Records supplied START

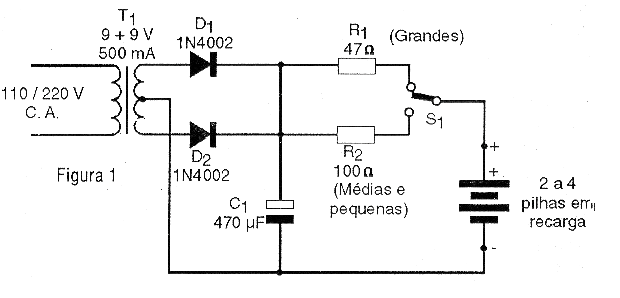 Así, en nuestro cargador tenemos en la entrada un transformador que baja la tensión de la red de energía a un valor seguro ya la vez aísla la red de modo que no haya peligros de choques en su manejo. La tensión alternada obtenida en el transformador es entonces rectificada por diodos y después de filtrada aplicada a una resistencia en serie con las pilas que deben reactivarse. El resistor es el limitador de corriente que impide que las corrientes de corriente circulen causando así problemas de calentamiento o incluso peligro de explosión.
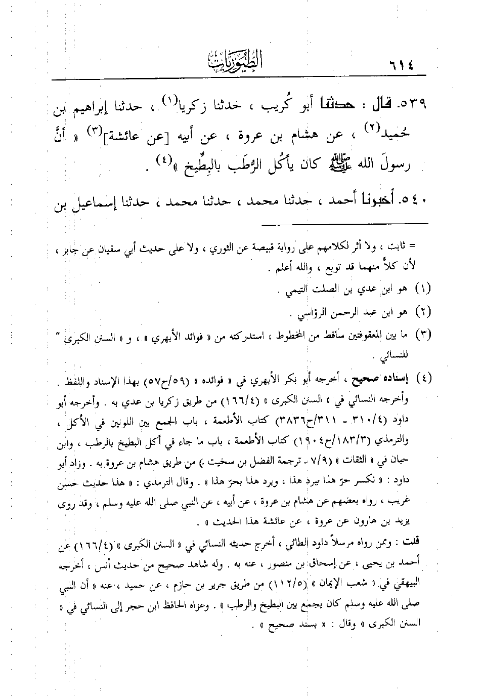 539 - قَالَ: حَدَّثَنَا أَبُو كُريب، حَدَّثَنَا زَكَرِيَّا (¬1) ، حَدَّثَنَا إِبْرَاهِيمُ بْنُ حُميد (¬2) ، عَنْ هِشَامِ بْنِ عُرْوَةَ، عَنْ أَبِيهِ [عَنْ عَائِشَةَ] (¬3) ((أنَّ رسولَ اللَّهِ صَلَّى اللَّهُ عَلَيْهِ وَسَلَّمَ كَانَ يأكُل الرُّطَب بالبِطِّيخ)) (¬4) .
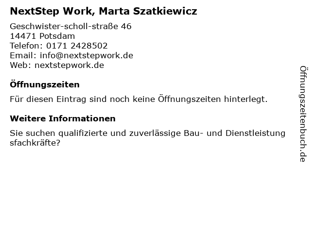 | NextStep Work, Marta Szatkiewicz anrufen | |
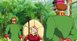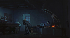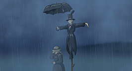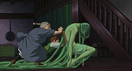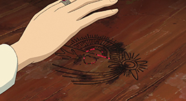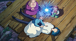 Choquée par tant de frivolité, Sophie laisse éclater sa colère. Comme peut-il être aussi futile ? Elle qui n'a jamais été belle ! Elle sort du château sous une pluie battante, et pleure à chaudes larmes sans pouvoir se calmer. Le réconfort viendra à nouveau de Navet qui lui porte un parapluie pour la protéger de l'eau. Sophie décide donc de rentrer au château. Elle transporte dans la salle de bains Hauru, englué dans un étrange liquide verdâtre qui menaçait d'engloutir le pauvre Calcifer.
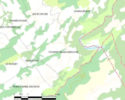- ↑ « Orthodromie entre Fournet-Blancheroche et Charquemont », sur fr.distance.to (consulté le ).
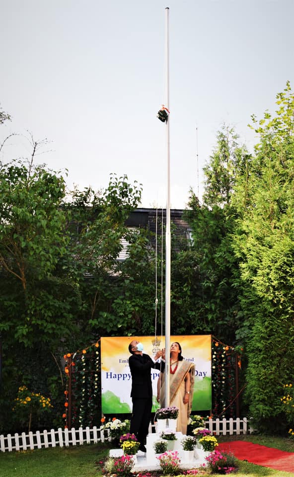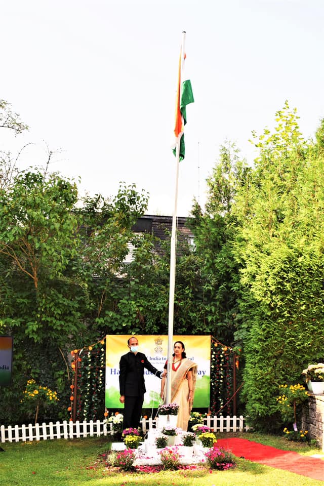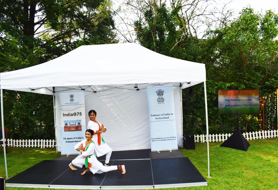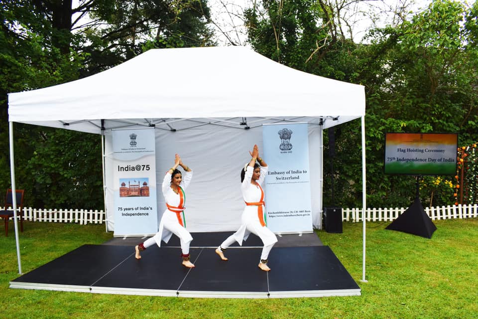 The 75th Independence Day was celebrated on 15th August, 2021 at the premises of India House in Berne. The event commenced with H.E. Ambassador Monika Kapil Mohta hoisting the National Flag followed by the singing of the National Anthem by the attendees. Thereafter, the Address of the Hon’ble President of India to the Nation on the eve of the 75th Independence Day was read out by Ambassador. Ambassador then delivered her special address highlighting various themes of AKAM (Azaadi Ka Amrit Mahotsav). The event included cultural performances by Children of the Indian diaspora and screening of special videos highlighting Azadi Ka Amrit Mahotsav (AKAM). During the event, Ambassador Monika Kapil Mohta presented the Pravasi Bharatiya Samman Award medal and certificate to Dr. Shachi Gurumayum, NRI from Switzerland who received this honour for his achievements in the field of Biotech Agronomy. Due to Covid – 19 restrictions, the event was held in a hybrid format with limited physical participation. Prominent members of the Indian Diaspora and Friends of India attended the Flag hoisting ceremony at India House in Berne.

Records supplied END
Records supplied START

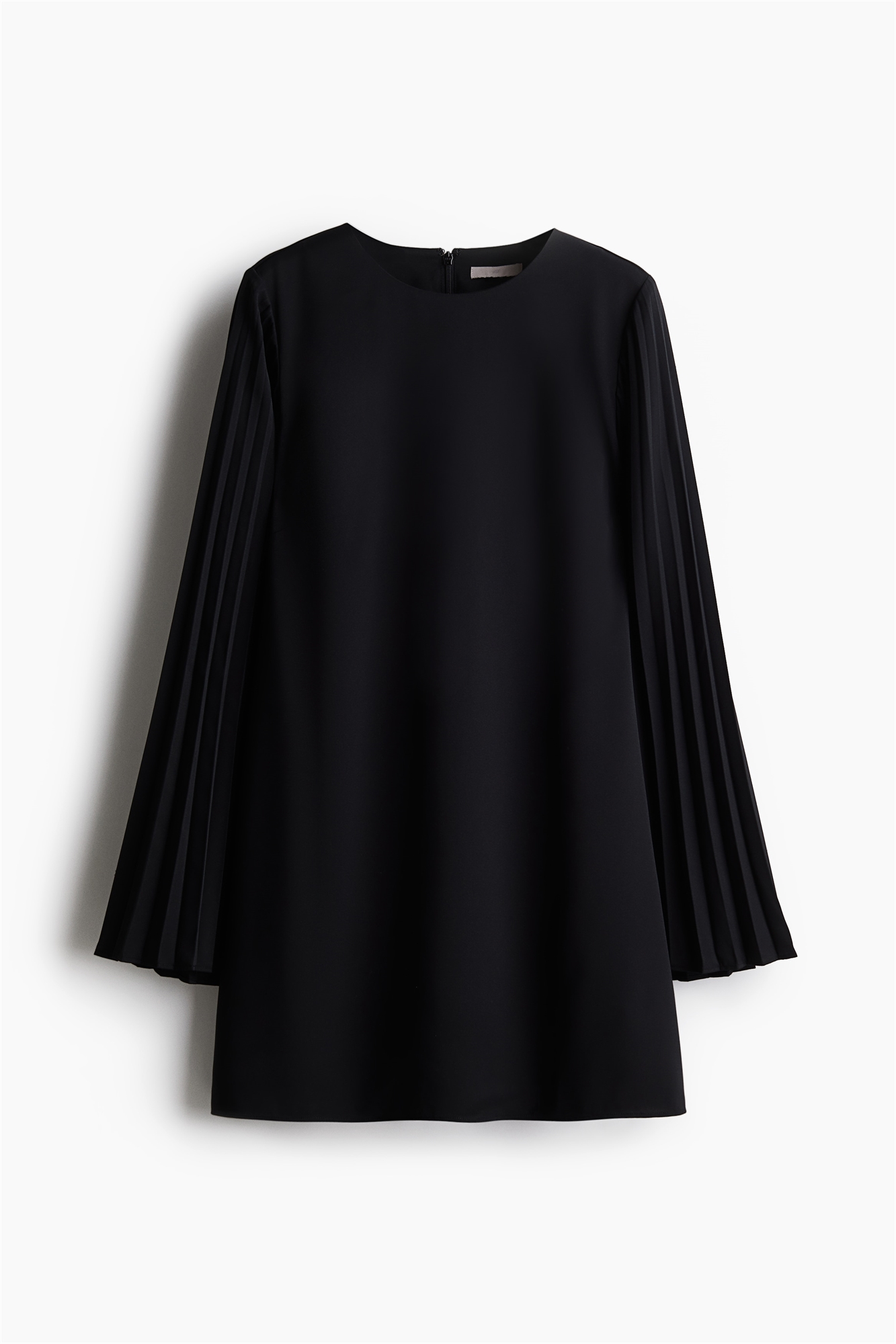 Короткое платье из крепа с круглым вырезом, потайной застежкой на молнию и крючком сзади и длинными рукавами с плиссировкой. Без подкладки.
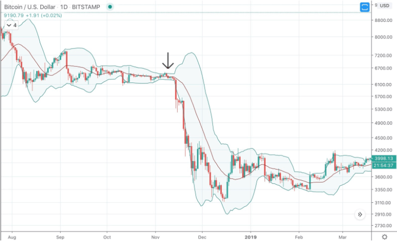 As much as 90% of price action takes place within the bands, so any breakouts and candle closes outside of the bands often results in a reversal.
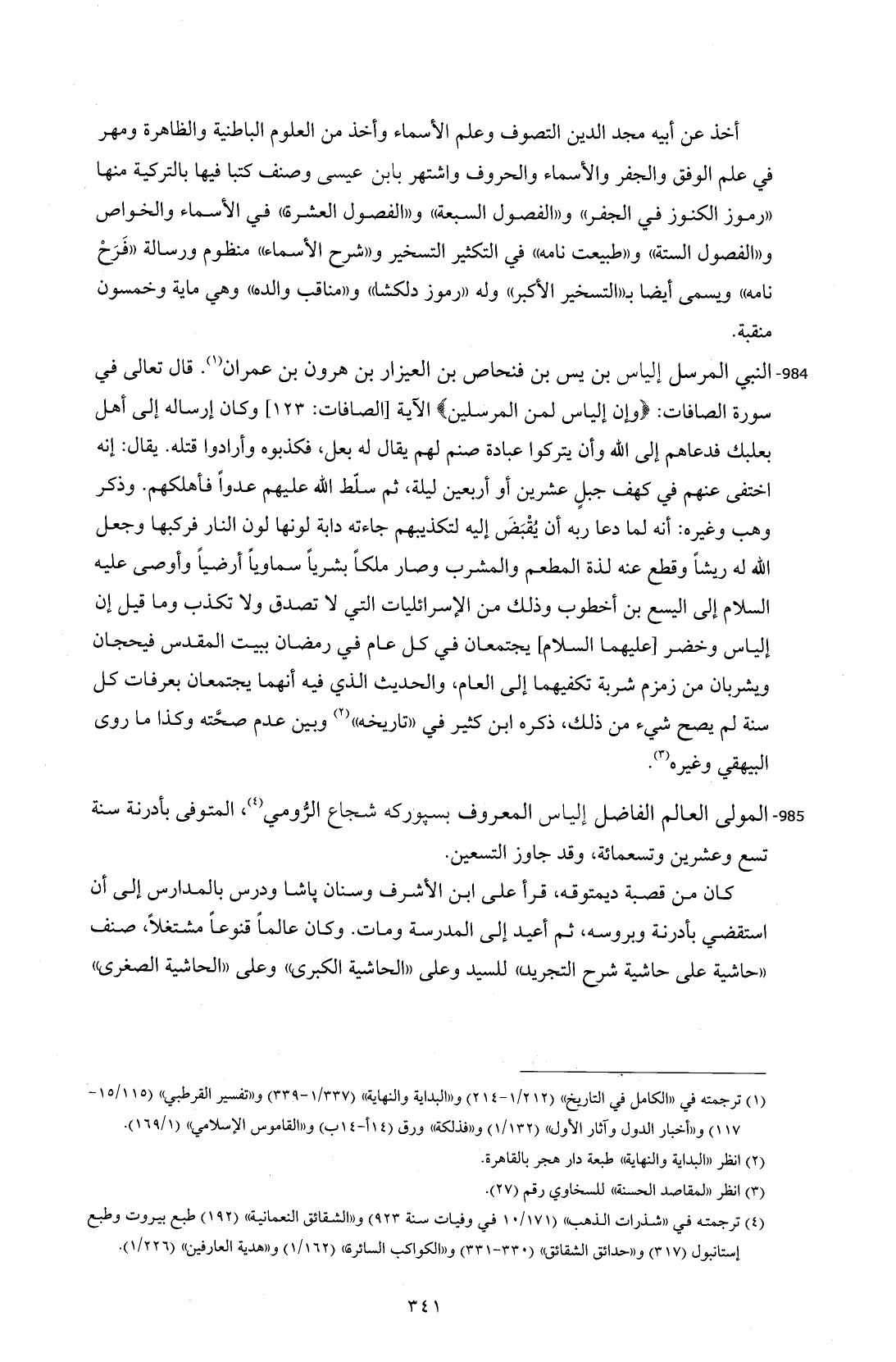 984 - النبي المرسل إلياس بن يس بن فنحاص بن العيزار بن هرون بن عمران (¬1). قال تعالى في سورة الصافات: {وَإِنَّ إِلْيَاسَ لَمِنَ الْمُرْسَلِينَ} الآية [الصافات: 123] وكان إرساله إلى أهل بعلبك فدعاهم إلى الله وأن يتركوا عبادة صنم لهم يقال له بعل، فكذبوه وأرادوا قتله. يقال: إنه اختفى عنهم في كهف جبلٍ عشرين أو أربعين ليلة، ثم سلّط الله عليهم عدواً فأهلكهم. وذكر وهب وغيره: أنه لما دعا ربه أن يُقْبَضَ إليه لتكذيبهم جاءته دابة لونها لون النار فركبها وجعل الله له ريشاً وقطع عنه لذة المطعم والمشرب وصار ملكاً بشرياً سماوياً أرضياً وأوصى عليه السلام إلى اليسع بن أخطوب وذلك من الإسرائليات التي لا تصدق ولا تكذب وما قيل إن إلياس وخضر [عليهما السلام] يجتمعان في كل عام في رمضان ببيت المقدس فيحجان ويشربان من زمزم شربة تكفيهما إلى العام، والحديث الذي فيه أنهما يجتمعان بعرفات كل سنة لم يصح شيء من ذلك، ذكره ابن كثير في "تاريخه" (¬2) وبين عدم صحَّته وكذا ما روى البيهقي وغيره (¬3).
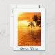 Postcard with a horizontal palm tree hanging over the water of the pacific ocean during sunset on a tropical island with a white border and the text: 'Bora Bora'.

Records supplied END

→ **Problem statement**: Nothing but the lines from the one with "Короткое платье из" to the one with "As much as 90%" above, both included, should be transcribed, exactly and without pictures.

→ **Task result**:
 Короткое платье из крепа с круглым вырезом, потайной застежкой на молнию и крючком сзади и длинными рукавами с плиссировкой. Без подкладки.
 As much as 90% of price action takes place within the bands, so any breakouts and candle closes outside of the bands often results in a reversal.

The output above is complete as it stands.